- **Dataset section**:
# # # # #

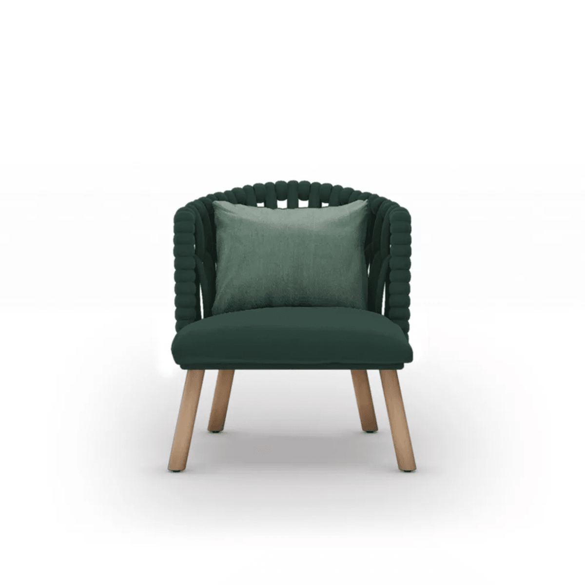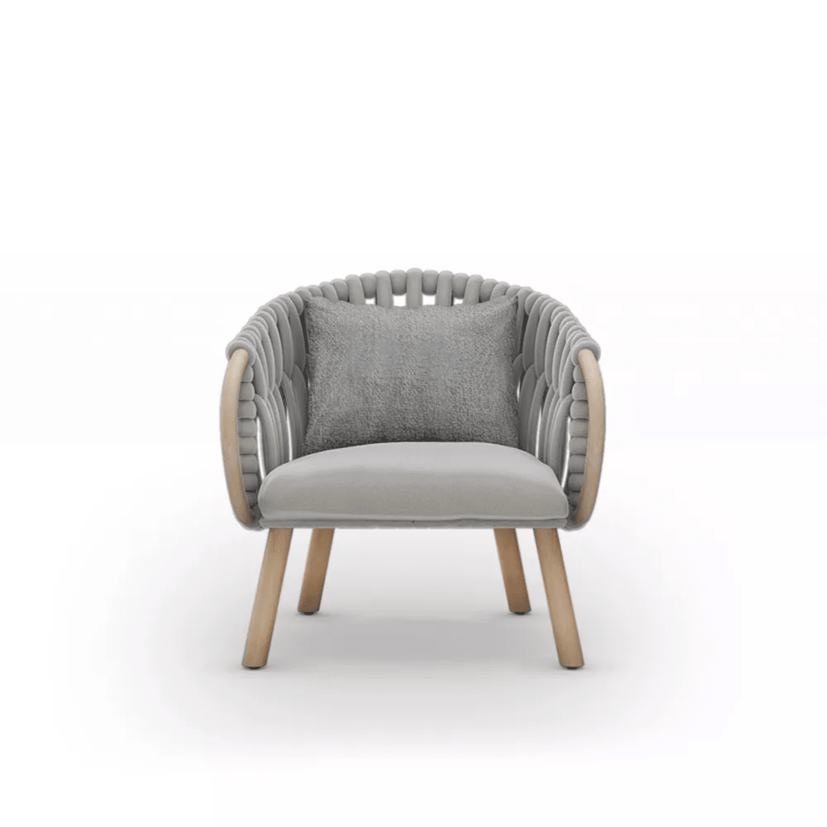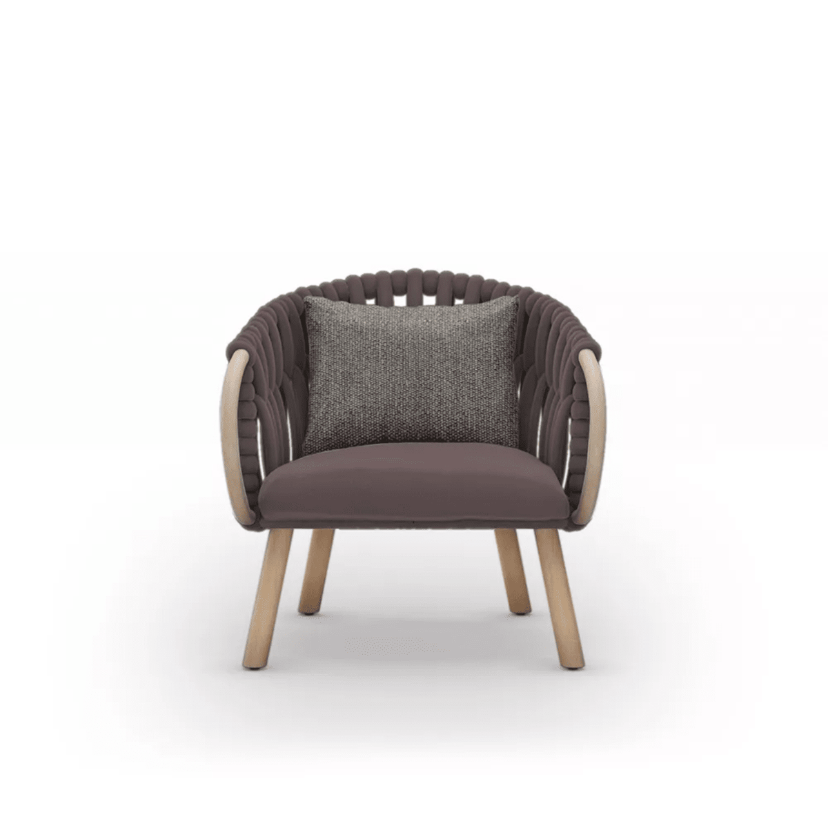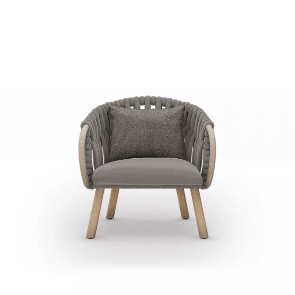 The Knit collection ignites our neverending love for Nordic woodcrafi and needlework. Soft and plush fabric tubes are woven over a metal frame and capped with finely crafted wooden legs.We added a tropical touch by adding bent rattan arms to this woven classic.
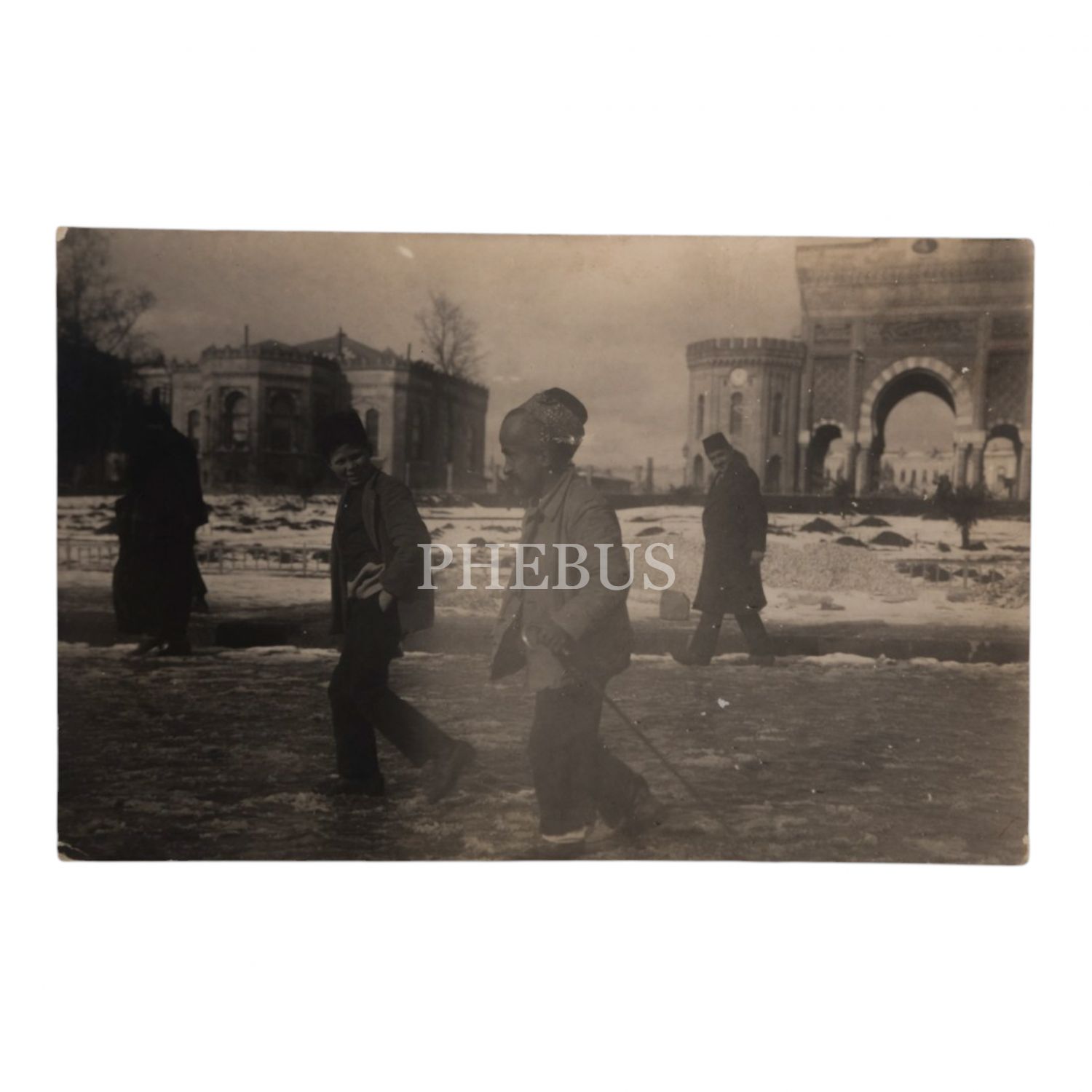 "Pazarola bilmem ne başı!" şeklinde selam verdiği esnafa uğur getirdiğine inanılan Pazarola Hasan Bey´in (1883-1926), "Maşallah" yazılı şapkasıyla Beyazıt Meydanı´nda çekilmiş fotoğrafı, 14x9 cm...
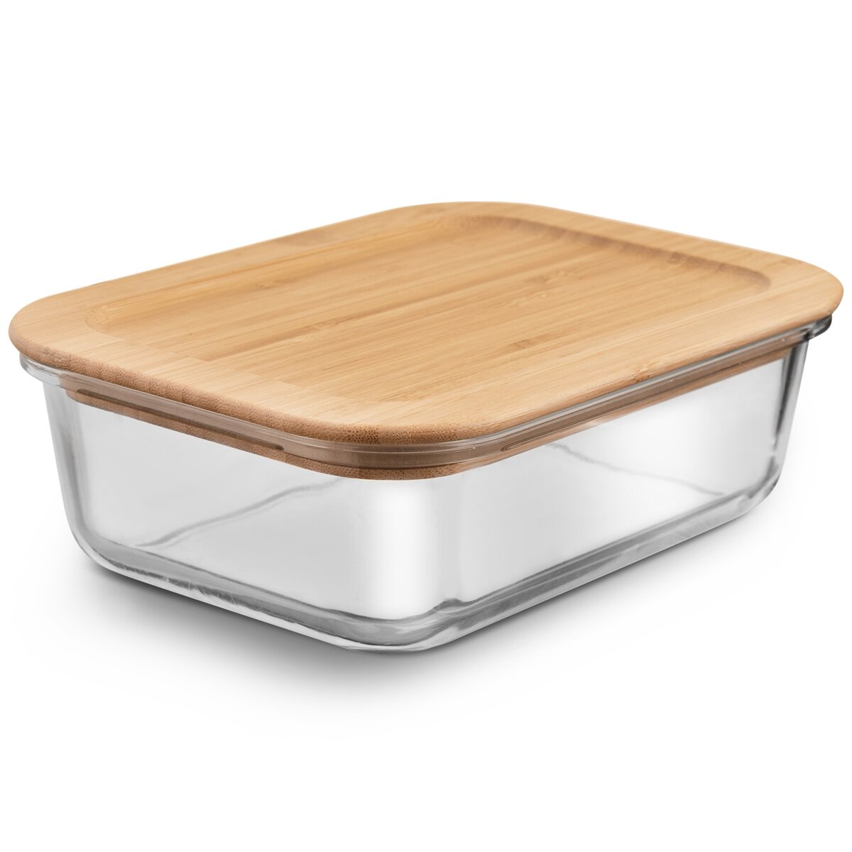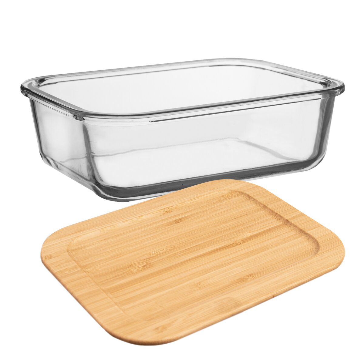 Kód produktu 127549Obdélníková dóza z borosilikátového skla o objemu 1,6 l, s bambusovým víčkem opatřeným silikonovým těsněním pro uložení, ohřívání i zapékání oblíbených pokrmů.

# # # # #

- **Your task**: Exact copy, pictures excluded: repeat the lines from the top of the material through the line with "fotoğrafı, 14x9 cm...".

- **Response to this exercise**:
 The Knit collection ignites our neverending love for Nordic woodcrafi and needlework. Soft and plush fabric tubes are woven over a metal frame and capped with finely crafted wooden legs.We added a tropical touch by adding bent rattan arms to this woven classic.
 "Pazarola bilmem ne başı!" şeklinde selam verdiği esnafa uğur getirdiğine inanılan Pazarola Hasan Bey´in (1883-1926), "Maşallah" yazılı şapkasıyla Beyazıt Meydanı´nda çekilmiş fotoğrafı, 14x9 cm...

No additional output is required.